Welcome to Normandy. We believe our church building gives us a unique setting for our worship services, committee meetings, social gatherings, and other activities. As you may have guessed by looking at it, there is a story behind the construction of the original building, its eventual conversion into a church facility, and its expansion into the facility you see today. The church’s particular physical setting makes us feel that God’s house is a real home. Because of its unique character there is a family warmth not felt in a more traditional church. Many who come out of curiosity “to look” have felt the warmth of a friendly fellowship and have returned to worship with us.
Normandy Farms and the Grant Estate
The oldest part of Normandy’s current church building was originally the private home of Richard H. Grant (1878 – 1957), one of Dayton’s outstanding citizens and businessmen. The house was constructed in 1927-30, at a cost of nearly $1 million. The home was the centerpiece of nearly 800 acres acquired by Mr. Grant that eventually became known as Normandy Farms, a working farm that raised a variety of livestock and crops and contained a working dairy.
The Grants chose Medieval English Manor style for their new home. The two-story tower and staircase with the massive chandelier add historical elegance to the three-story building with its thirty-eight rooms consisting of a main section and two wings.
The eight-inch thick concrete floors, eighteen-inch thick outer walls, and six-inch thick concrete roof give the house great stability. It was literally built to last for the ages. A slate roof and leaden drainpipes also show great attention to durability and quality. The eleven sculptured marble fireplaces, the massive entrance gates, many of the doors, and the stained glass window plaques were all purchased in Europe. The beautifully hand carved old wood paneling in the main hall and library was imported from England and dates back to 1603. Other beautiful furnishings can be seen throughout the building.
Normandy Evangelical United Brethren Church
As Mr. Grant’s health was failing in 1955, he decided to sell his home. In July 1955, Normandy Farms house became Normandy Evangelical United Brethren Church when the Ohio Miami Conference of the Evangelical United Brethren Church purchased it. The price of the building, plus a seven-room gatehouse, a swimming pool, and approximately 15 acres, was $125,000.
The Grant living room was the original sanctuary and now serves as Normandy’s chapel. In 1957, Mr. Grant’s funeral took place in this room. On June 2, 1963, Normandy dedicated a new octagonal multi- purpose building that included a meeting space, a new kitchen, and classrooms, with the idea of this becoming a Fellowship Hall in the future when a larger sanctuary would be needed for the church’s growing membership. The meeting space served as the sanctuary from 1963 through 1996.

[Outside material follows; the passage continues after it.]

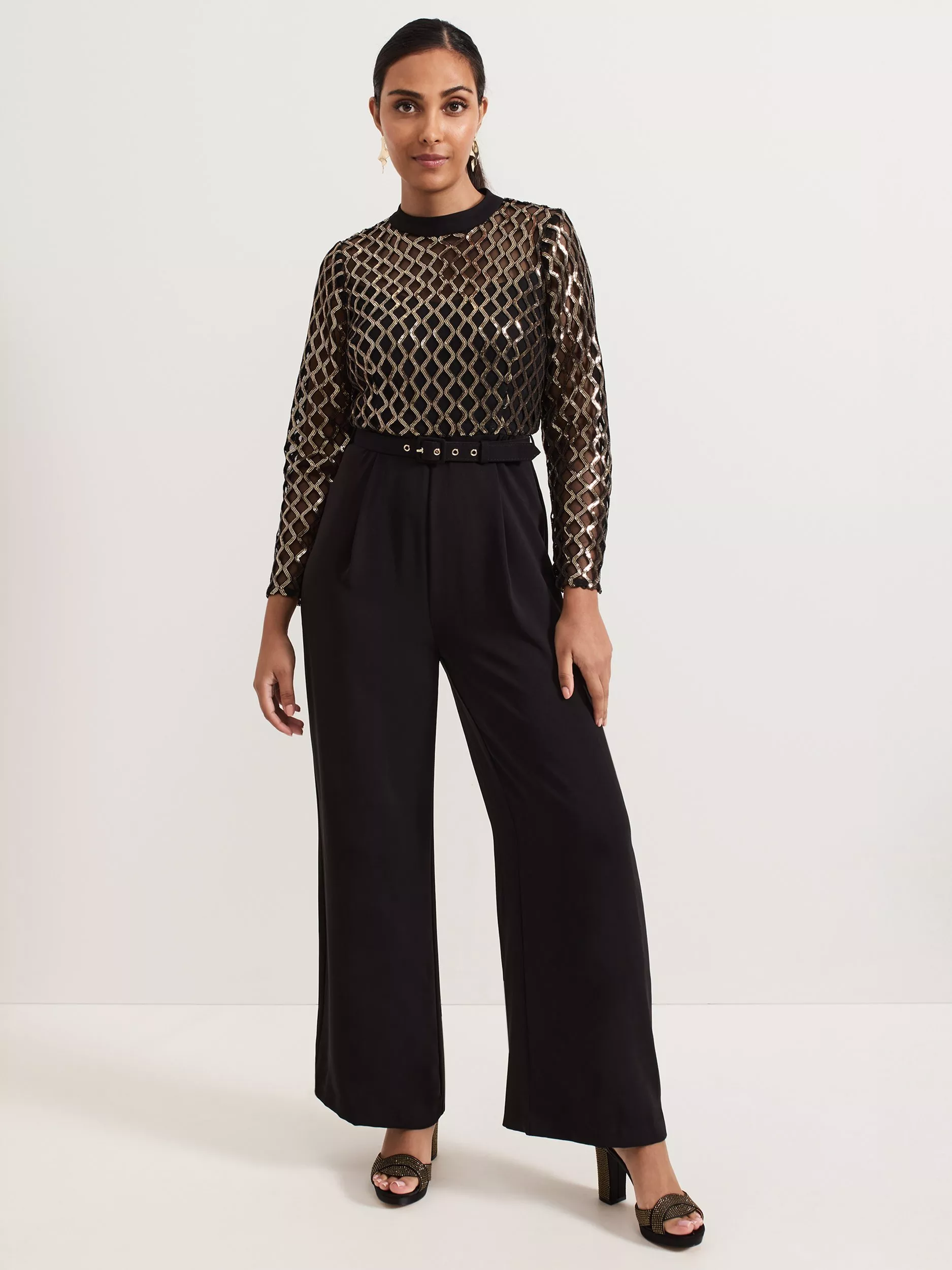 This petite jumpsuit is perfect for special occasions. The mesh top is elevated with a gold diamond print design, offering a shimmery contrast to the tailored wide-leg trousers. Complete with a matching belt to flatter the waist and keyhole detail at the back, style it with platform sandals and statement jewellery for a look that's ready for the dance floor.

Normandy United Methodist Church
In April 1968, the merger of the Methodist Church with the Evangelical United Brethren Church took place. At that time the name was changed to Normandy United Methodist Church.
In 1984, the Normandy Farms house was placed on The National Register of Historic Buildings.

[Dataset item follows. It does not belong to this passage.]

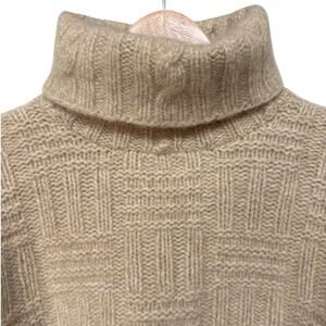 Vintage Hand Knit Lambswool Angora Blend Cropped Turtleneck Sweater size S/M

As a result of the growing membership, ground breaking ceremonies for the current 375-seat main sanctuary took place on March 24, 1996. The new sanctuary was consecrated on January 12, 1997. A large tower resembling the one on the original Grant building is the focal point of the new structure. In order to preserve the old mansion and its outer walls, the main sanctuary is connected to the rest of the building by a long hallway that extends from the welcome center to the hallway leading into the Fellowship Hall and the rest of the Grant building.
Today, the former sleeping quarters on the second floor of the Grant building serve as Church offices for the pastors and staff, Sunday School classes, and meetings rooms. The principal main floor rooms of the Grant building now consist of the Music Room used for choir practice, meetings and special events; the Loggia used for adult Sunday School and weekly meetings; the Library used for reading, reflection, Sunday School and meetings; and the Chapel used occasionally for worship services, weddings, and funerals. The lower level of the Grant building opens to the side yard and contains our youth area (the Ship room), a classroom and a former billiard room, a squash court (now unused), and a large furnace and utilities room. All in all, we are able to make good use of the Grant building’s facilities even if it is sometimes confusing to find your way around.
In 2010, we completed a major renovation of the Fellowship Hall, the Nursery, the elementary Sunday School classrooms, and the downstairs reception office. A more accessible rear entrance to the facility and an elevator were added to give everyone greater access to more parts of the building.